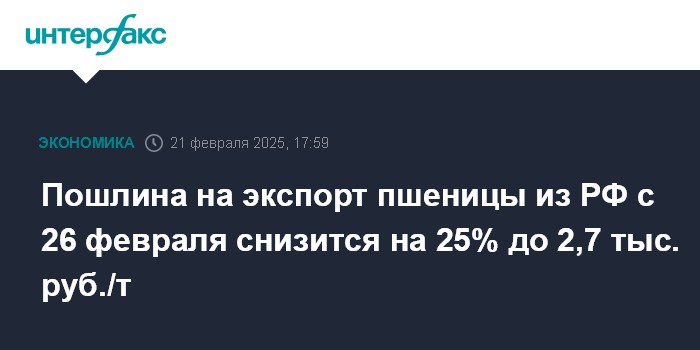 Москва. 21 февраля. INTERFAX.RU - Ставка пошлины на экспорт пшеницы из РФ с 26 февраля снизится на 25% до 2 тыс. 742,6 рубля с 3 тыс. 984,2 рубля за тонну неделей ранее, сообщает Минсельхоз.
---
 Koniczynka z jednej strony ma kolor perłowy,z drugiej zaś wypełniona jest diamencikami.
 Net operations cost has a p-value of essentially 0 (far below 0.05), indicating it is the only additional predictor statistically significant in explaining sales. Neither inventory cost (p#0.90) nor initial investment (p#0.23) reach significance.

▶ **WHAT THE TASK ASKS**: From the data above, output only the lines between the line containing "Koniczynka z jednej" and the line containing "Net operations cost", inclusive, exactly as written.

▶ **OUTPUT**:
 Koniczynka z jednej strony ma kolor perłowy,z drugiej zaś wypełniona jest diamencikami.
 Net operations cost has a p-value of essentially 0 (far below 0.05), indicating it is the only additional predictor statistically significant in explaining sales. Neither inventory cost (p#0.90) nor initial investment (p#0.23) reach significance.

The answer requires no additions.